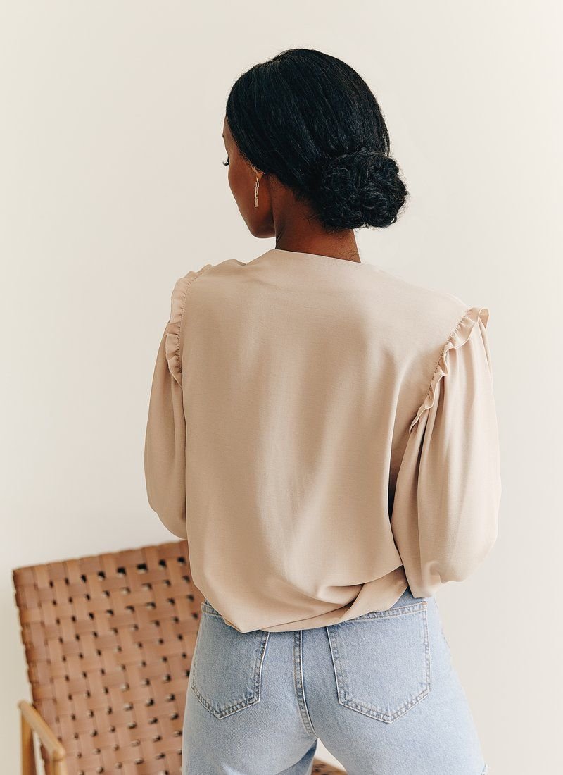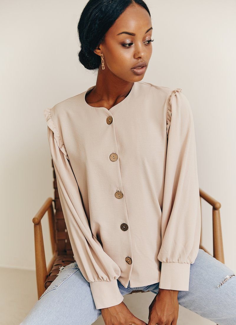 Blouse of a straight cut with a round neck on buttons stylized as wood. The long sleeve at the base is decorated with a thin neat frill, with wide cuffs. This blouse will go perfectly with both trousers and jeans.
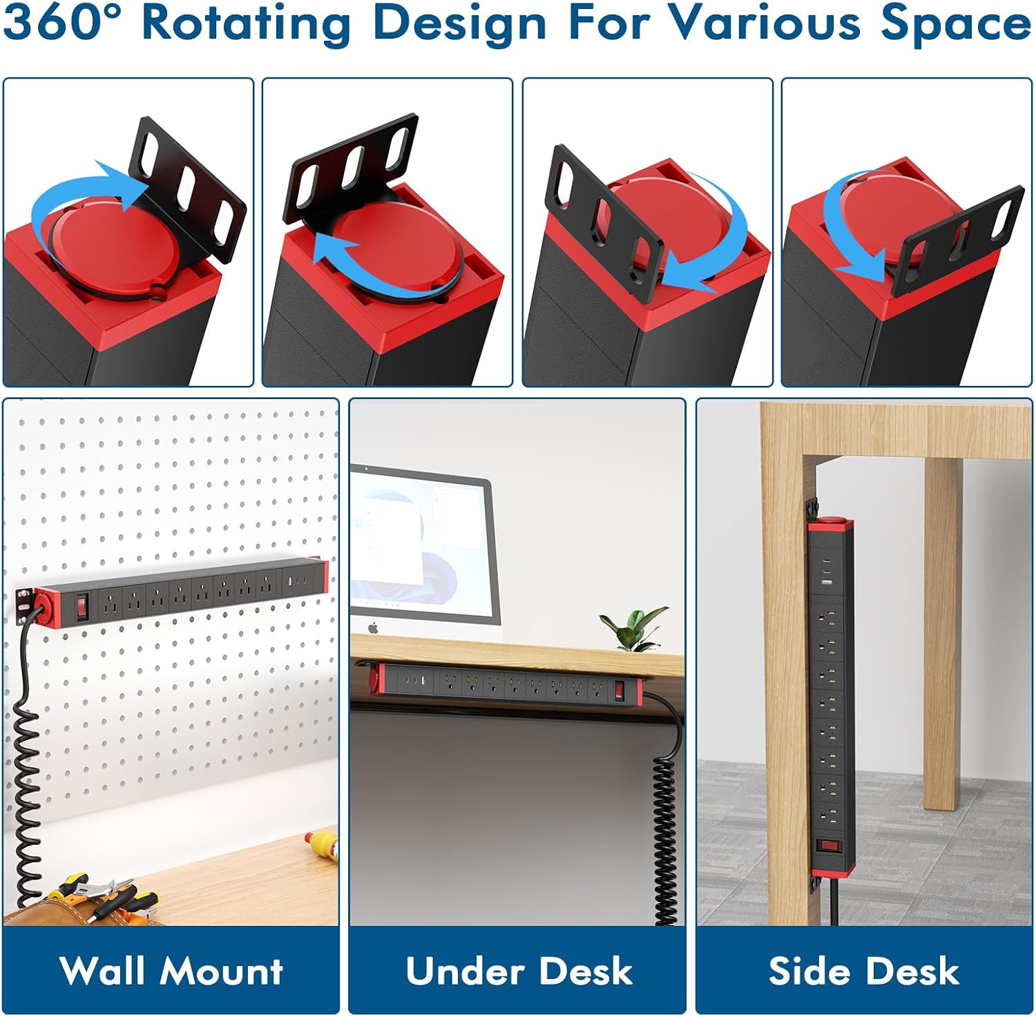 - Multi-position Mounting Design :The 360° rotating feature of this power strip is a really handy feature. It allows you to adjust the outlets in any direction, making it incredibly easy to plug in various devices with different plug orientations.
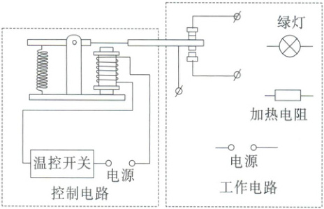 10. 某同学设计的冬季家庭温度自动控制器的工作原理图如图所示。当室内温度低于$25^{\circ}C$时温控开关闭合,绿灯不亮,加热电阻工作;温控开关断开,绿灯亮,表示温度已经达到$25^{\circ}C$。请根据以上要求,用笔画线代替导线连接电路。
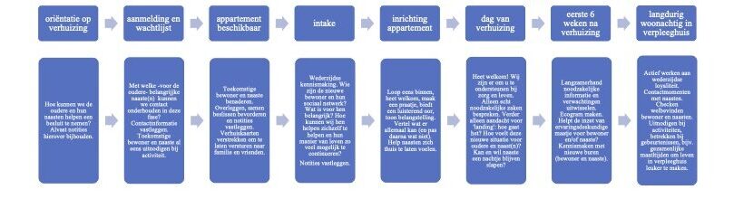 Hoewel er de afgelopen jaren de nodige kennis, inzichten en materialen zijn ontwikkeld om de relaties tussen ouderen, naasten en medewerkers in de zorg te bevorderen, worden de resultaten weinig gebruikt in de praktijk. Als zorg- en werkprocessen worden geoptimaliseerd is geen expliciete aandacht voor (gevolgen voor) de relaties in de triade. In ons project zagen we op één van de locaties dat bij de geplande ‘optimalisatie inhuizing bewoners’ de organisatie en de bedrijfsprocessen centraal stonden en weinig aandacht was voor de relationele aspecten. Nu ontwikkelen we parallel aan de gewenste werkprocessen gewenste relatie-processen. Dit doen we aan de hand van belangrijke momenten in de ‘bewonersreis’ door de wereld van de langdurige intramurale zorg (zie het voorbeeld in figuur 2). Een dergelijke reisbeschrijving helpt zorgverleners en organisaties zich te realiseren dat zíj degenen zijn die binnentreden in het leven van ouderen en hun naaste(n), in plaats van andersom. Ook biedt het een handvat om de betrokkenheid van naasten bij de organisatie te kunnen vergroten.
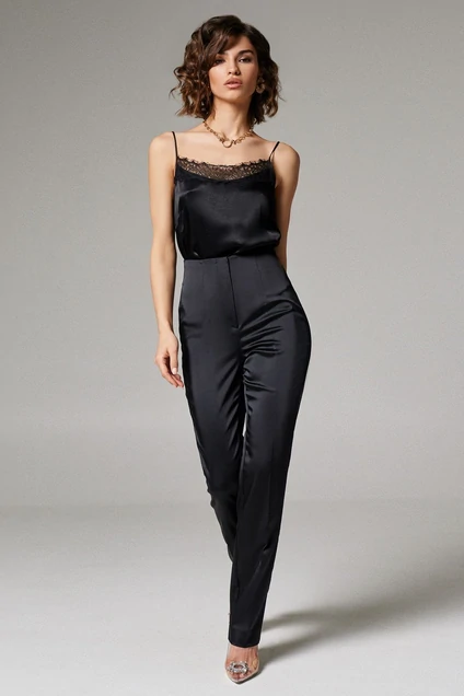 Элегантные женские атласные брюки - идеальный выбор для тех, кто хочет выглядеть модно и стильно. Черный цвет делает их универсальным вариантом, который легко сочетается с различными верхами и обувью.
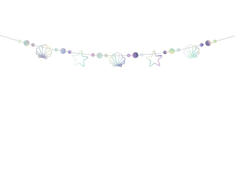 Girlanda Syrenka przeszywana wykonana z papieru w kolorze opalizującym, długość ok. 1,65 m, wysokość ok. 11 cm. (1 karton / 50 szt.)
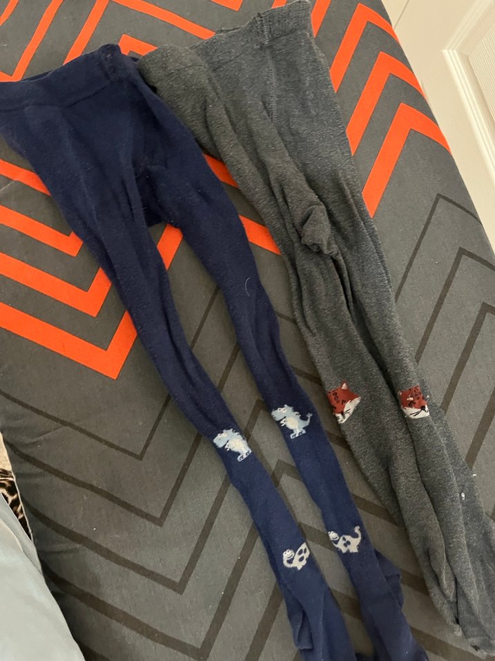 Gri renkte, ayak bileği kısmında nakışlı hayvan desenleri bulunan, sıcak tutan çocuk taytı.
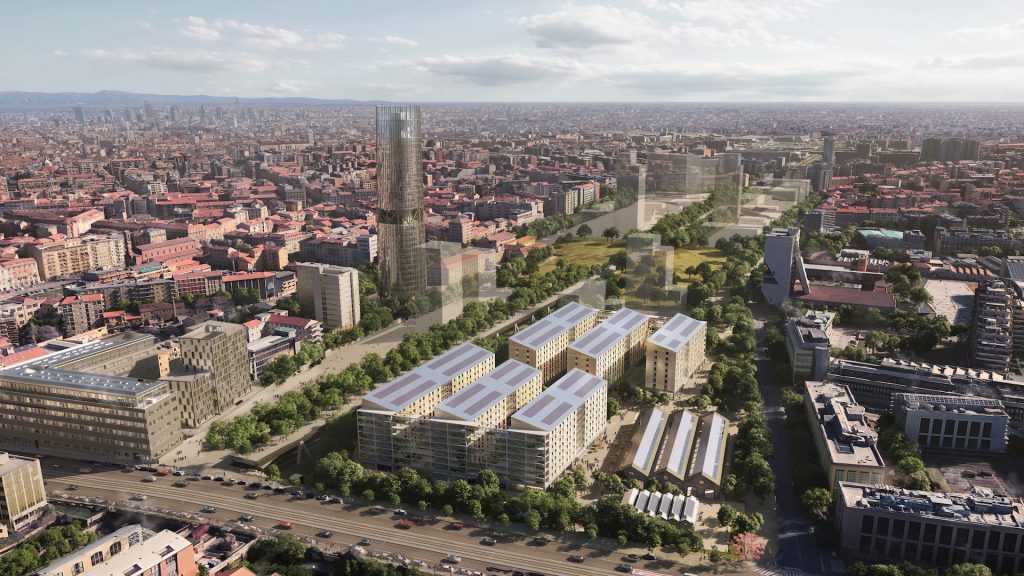 L’idea progettuale è creare un ecosistema vivace, composto di abitazione studentesche, residenze, co-working, servizi privati di interesse pubblico e spazi pubblici. Un luogo di scambio e di incontro, capace di attrarre giovani, imprenditori e micro-aziende. Gli edifici lato parco e ferrovia nell’area della piazza olimpica saranno destinati a residenza libera e agevolata.
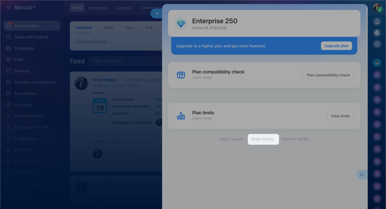 Si le renouvellement automatique n'a pas fonctionné dans votre compte Bitrix24, nous vous recommandons de vérifier l'état du renouvellement automatique de votre abonnement. Accédez à Abonnement et cliquez sur le nom de votre plan, puis sur Historique d'achat.
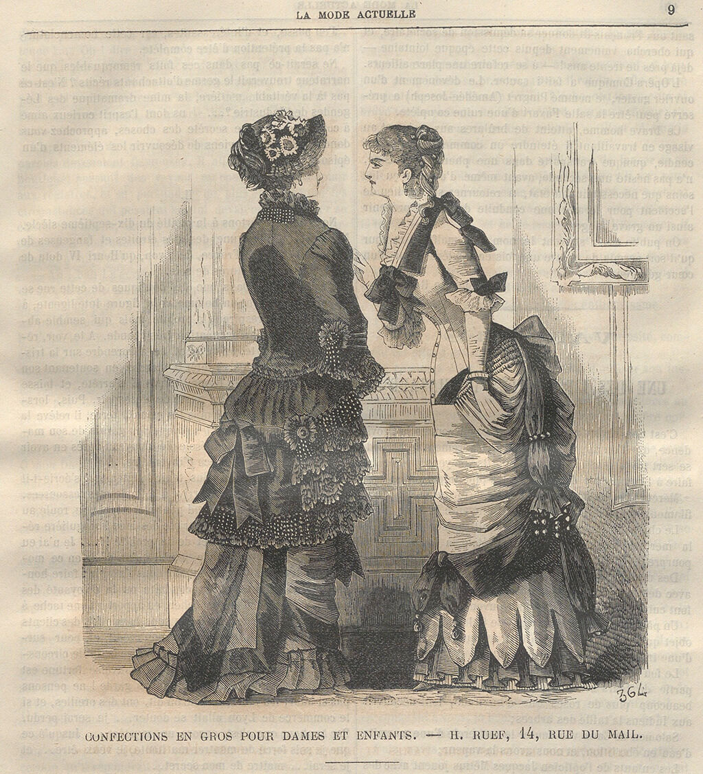 “Confections en Gros pour Dames et Enfants: Cyprienne,” La Mode Actuelle: Journal professionnel des couturières et des modistes (April 1, 1882): 9. “Chapeau de paille noire garni de fleurs et plumes.”
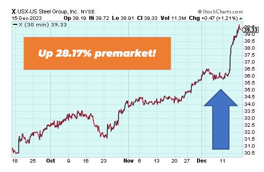 United States Steel Corporation is up 28.17% premarket in response to a $14.9 billion acquisition by Nippon Steel. Japan’s largest steelmaker will buy the American company for $55 a share in cash, a 40% premium to the stock’s closing price Friday.
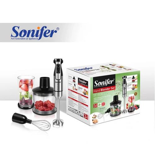 The Sonifer SF-8081 Hand Blender Set is now available in Bangladesh. Get the original products at the most affordable price at BDSHOP.COM and enjoy the quality with the promise of the best customer service in Bangladesh. Specifications Whisker Makes pastry, cream, beat eggs Chopper makes all kinds of auxiliary materials, meat filling Measuring cup with lid for juice milkshake 600ml measuring cup with lid 500ml chopper Whisker attachment • 3-in-1 Hand Blender Set by SoniferMaterial: Stainless Steel Frequency: 50/60Hz Voltage: 220-240V Power: 500W
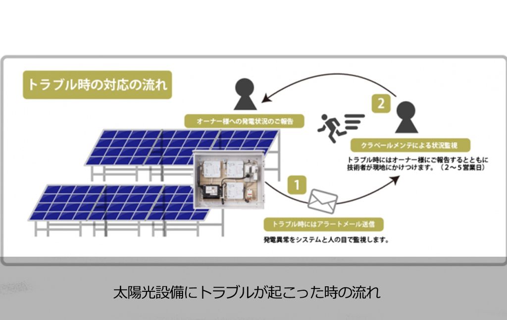 さらに発電量監視システムを設置すれば定期点検や日常点検までの期間に不具合が放置される事を防ぐことも出来ます。近年はこの監視システムが設置されるケースも多いのですが、発電量の異常が検知されたときに販売施工会社と太陽光発電設置者の双方にアラートが届くので故障にすぐさま気づく事が出来ます。
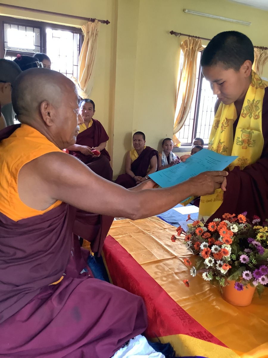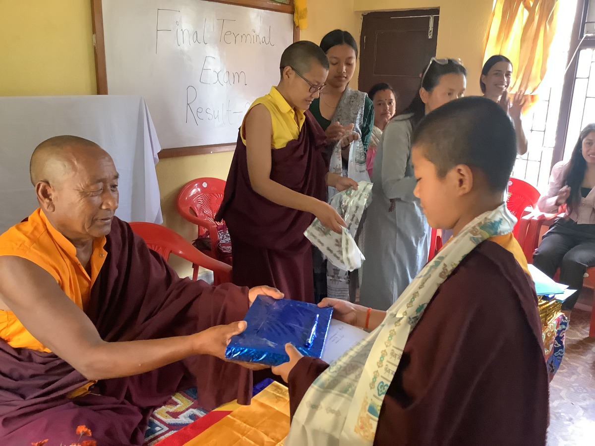 Nach den kurzen Ferien wurden in einer festlichen Feierstunde von Lama Gondup die Zeugnisse und Preise des vergangenen Schuljahres verteilt.
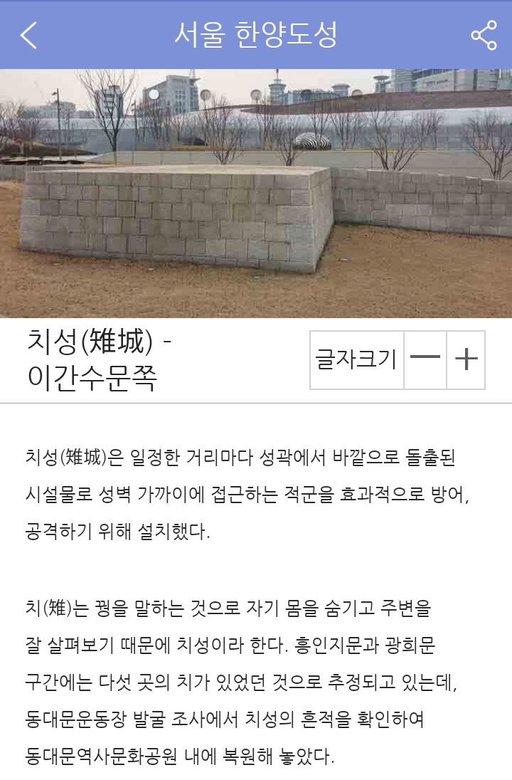 그래도 도심에 이런 문화재가 있다는 것이 마음에 든다. 여기서 '서울 한양도성' 앱을 실행해서 스탬프 인증을 받았다. 근처 사무소에서 스탬프 투어 지도를 받아서 찍어도 되는데 그 정도까지 할 생각은 없었다. 그래도 온 김에 앱에다가는 인증을 받았는데, 앱으로도 인증을 다하면 기념 뱃지를 주는지 모르겠다.
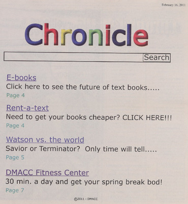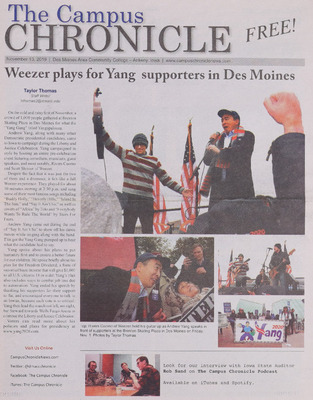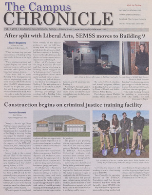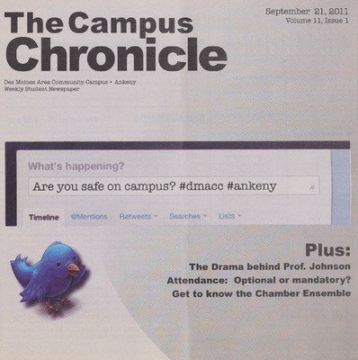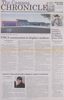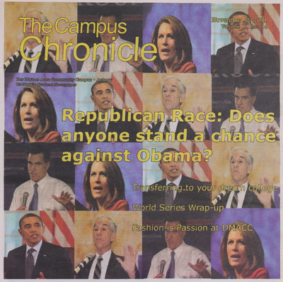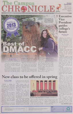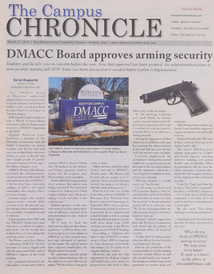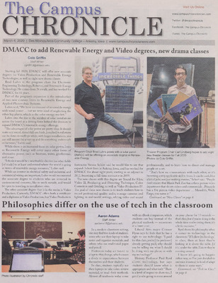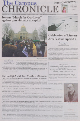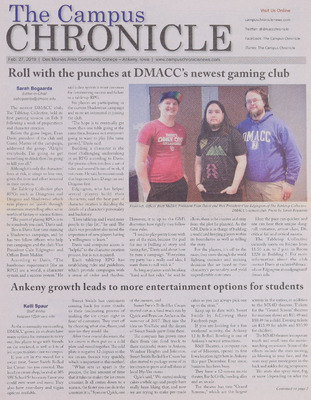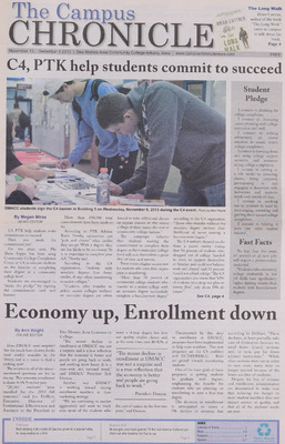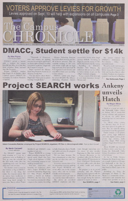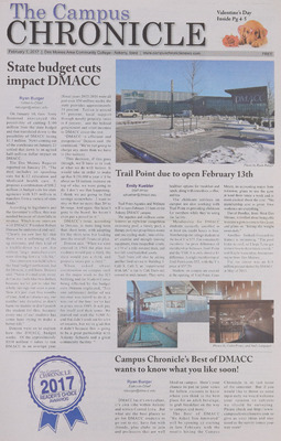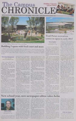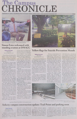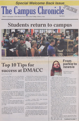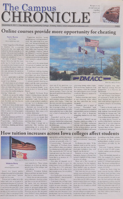 The Campus Chronicle / The Chronicle appears to be the second, and current, iteration of the student newspaper at the Ankeny campus. In 2016 the paper moved much of its content to the web, publishing paper copies just a few times a semester. The Chronicle follows The Eclectic, which ran 1974 - March 1976.
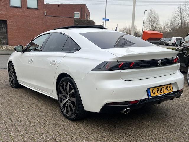 Een keurig nette zeer complete 508 GT-Line 1.6 Turbo 180 pk met 8-traps Automaat en mooie opties in de kleur "Blanc Nacre" metallic / Parelmoerlak.
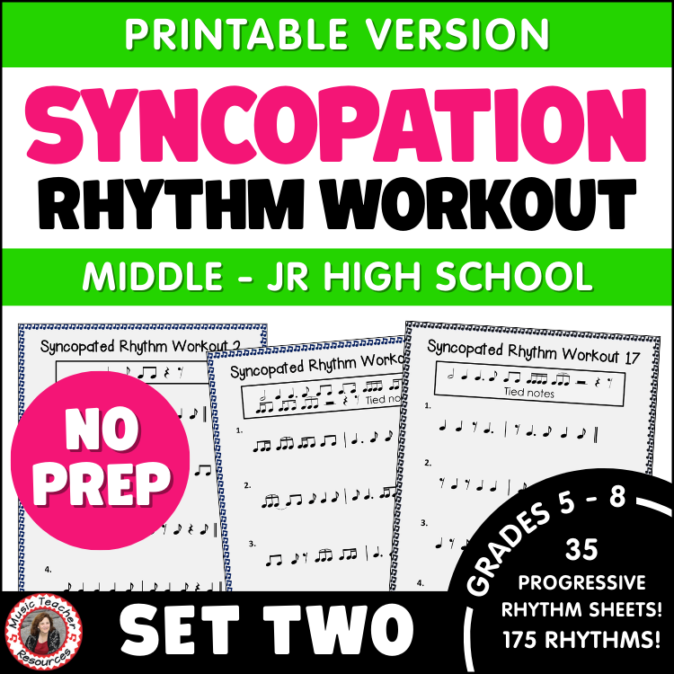 35 Rhythm Workout pages focused on syncopation with varying difficulty.
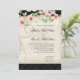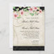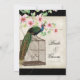This is a very fun and elegant invitation. Featuring stylised, hand watercolored flowering blossom branches, a vintage peacock perched on a hand drawn bird cage with hand painted swirls in the background. The lacey parchment background is also original artwork and you can select your own choice of background border colour, shown here in black. On the reverse side is the swirls and blossoming branch with the parchment, a detailed damask pattern in the background and your wedding invitation text. YOU MIGHT ALSO ENJOY:
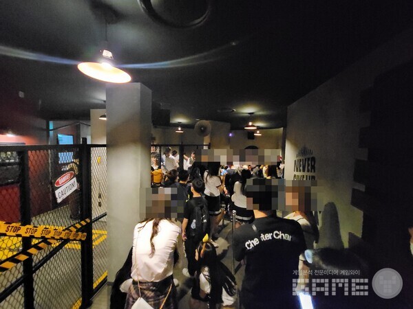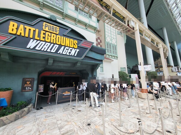 ‘배틀그라운드’의 어트랙션인 ‘ 배틀그라운드 월드 에이전트’는 올라간 입구에서 바로 정면에 위치해 있었다. ‘배틀그라운드’의 보급상자와 족자봉이 가는 길에 있어 쉽게 찾을 수 있었다. 대기열이 두 줄밖에 없었기에 “금방 들어가겠구나” 생각했는데, 아니나 다를까 내부 줄이 외부까지 이어졌던 것으로 약 1시간 정도 대기해야 입장할 수 있다는 안내를 받았다.

■ YOUR OBJECTIVE ■
The job is to return the listing above exactly, minus its pictures.

■ EXPECTED OUTPUT ■
 Blouse of a straight cut with a round neck on buttons stylized as wood. The long sleeve at the base is decorated with a thin neat frill, with wide cuffs. This blouse will go perfectly with both trousers and jeans.
 - Multi-position Mounting Design :The 360° rotating feature of this power strip is a really handy feature. It allows you to adjust the outlets in any direction, making it incredibly easy to plug in various devices with different plug orientations.
 10. 某同学设计的冬季家庭温度自动控制器的工作原理图如图所示。当室内温度低于$25^{\circ}C$时温控开关闭合,绿灯不亮,加热电阻工作;温控开关断开,绿灯亮,表示温度已经达到$25^{\circ}C$。请根据以上要求,用笔画线代替导线连接电路。
 Hoewel er de afgelopen jaren de nodige kennis, inzichten en materialen zijn ontwikkeld om de relaties tussen ouderen, naasten en medewerkers in de zorg te bevorderen, worden de resultaten weinig gebruikt in de praktijk. Als zorg- en werkprocessen worden geoptimaliseerd is geen expliciete aandacht voor (gevolgen voor) de relaties in de triade. In ons project zagen we op één van de locaties dat bij de geplande ‘optimalisatie inhuizing bewoners’ de organisatie en de bedrijfsprocessen centraal stonden en weinig aandacht was voor de relationele aspecten. Nu ontwikkelen we parallel aan de gewenste werkprocessen gewenste relatie-processen. Dit doen we aan de hand van belangrijke momenten in de ‘bewonersreis’ door de wereld van de langdurige intramurale zorg (zie het voorbeeld in figuur 2). Een dergelijke reisbeschrijving helpt zorgverleners en organisaties zich te realiseren dat zíj degenen zijn die binnentreden in het leven van ouderen en hun naaste(n), in plaats van andersom. Ook biedt het een handvat om de betrokkenheid van naasten bij de organisatie te kunnen vergroten.
 Элегантные женские атласные брюки - идеальный выбор для тех, кто хочет выглядеть модно и стильно. Черный цвет делает их универсальным вариантом, который легко сочетается с различными верхами и обувью.
 Girlanda Syrenka przeszywana wykonana z papieru w kolorze opalizującym, długość ok. 1,65 m, wysokość ok. 11 cm. (1 karton / 50 szt.)
 Gri renkte, ayak bileği kısmında nakışlı hayvan desenleri bulunan, sıcak tutan çocuk taytı.
 L’idea progettuale è creare un ecosistema vivace, composto di abitazione studentesche, residenze, co-working, servizi privati di interesse pubblico e spazi pubblici. Un luogo di scambio e di incontro, capace di attrarre giovani, imprenditori e micro-aziende. Gli edifici lato parco e ferrovia nell’area della piazza olimpica saranno destinati a residenza libera e agevolata.
 Si le renouvellement automatique n'a pas fonctionné dans votre compte Bitrix24, nous vous recommandons de vérifier l'état du renouvellement automatique de votre abonnement. Accédez à Abonnement et cliquez sur le nom de votre plan, puis sur Historique d'achat.
 “Confections en Gros pour Dames et Enfants: Cyprienne,” La Mode Actuelle: Journal professionnel des couturières et des modistes (April 1, 1882): 9. “Chapeau de paille noire garni de fleurs et plumes.”
 United States Steel Corporation is up 28.17% premarket in response to a $14.9 billion acquisition by Nippon Steel. Japan’s largest steelmaker will buy the American company for $55 a share in cash, a 40% premium to the stock’s closing price Friday.
 The Sonifer SF-8081 Hand Blender Set is now available in Bangladesh. Get the original products at the most affordable price at BDSHOP.COM and enjoy the quality with the promise of the best customer service in Bangladesh. Specifications Whisker Makes pastry, cream, beat eggs Chopper makes all kinds of auxiliary materials, meat filling Measuring cup with lid for juice milkshake 600ml measuring cup with lid 500ml chopper Whisker attachment • 3-in-1 Hand Blender Set by SoniferMaterial: Stainless Steel Frequency: 50/60Hz Voltage: 220-240V Power: 500W
 さらに発電量監視システムを設置すれば定期点検や日常点検までの期間に不具合が放置される事を防ぐことも出来ます。近年はこの監視システムが設置されるケースも多いのですが、発電量の異常が検知されたときに販売施工会社と太陽光発電設置者の双方にアラートが届くので故障にすぐさま気づく事が出来ます。
 Nach den kurzen Ferien wurden in einer festlichen Feierstunde von Lama Gondup die Zeugnisse und Preise des vergangenen Schuljahres verteilt.
 그래도 도심에 이런 문화재가 있다는 것이 마음에 든다. 여기서 '서울 한양도성' 앱을 실행해서 스탬프 인증을 받았다. 근처 사무소에서 스탬프 투어 지도를 받아서 찍어도 되는데 그 정도까지 할 생각은 없었다. 그래도 온 김에 앱에다가는 인증을 받았는데, 앱으로도 인증을 다하면 기념 뱃지를 주는지 모르겠다.
 The Campus Chronicle / The Chronicle appears to be the second, and current, iteration of the student newspaper at the Ankeny campus. In 2016 the paper moved much of its content to the web, publishing paper copies just a few times a semester. The Chronicle follows The Eclectic, which ran 1974 - March 1976.
 Een keurig nette zeer complete 508 GT-Line 1.6 Turbo 180 pk met 8-traps Automaat en mooie opties in de kleur "Blanc Nacre" metallic / Parelmoerlak.
 35 Rhythm Workout pages focused on syncopation with varying difficulty.
This is a very fun and elegant invitation. Featuring stylised, hand watercolored flowering blossom branches, a vintage peacock perched on a hand drawn bird cage with hand painted swirls in the background. The lacey parchment background is also original artwork and you can select your own choice of background border colour, shown here in black. On the reverse side is the swirls and blossoming branch with the parchment, a detailed damask pattern in the background and your wedding invitation text. YOU MIGHT ALSO ENJOY:
 ‘배틀그라운드’의 어트랙션인 ‘ 배틀그라운드 월드 에이전트’는 올라간 입구에서 바로 정면에 위치해 있었다. ‘배틀그라운드’의 보급상자와 족자봉이 가는 길에 있어 쉽게 찾을 수 있었다. 대기열이 두 줄밖에 없었기에 “금방 들어가겠구나” 생각했는데, 아니나 다를까 내부 줄이 외부까지 이어졌던 것으로 약 1시간 정도 대기해야 입장할 수 있다는 안내를 받았다.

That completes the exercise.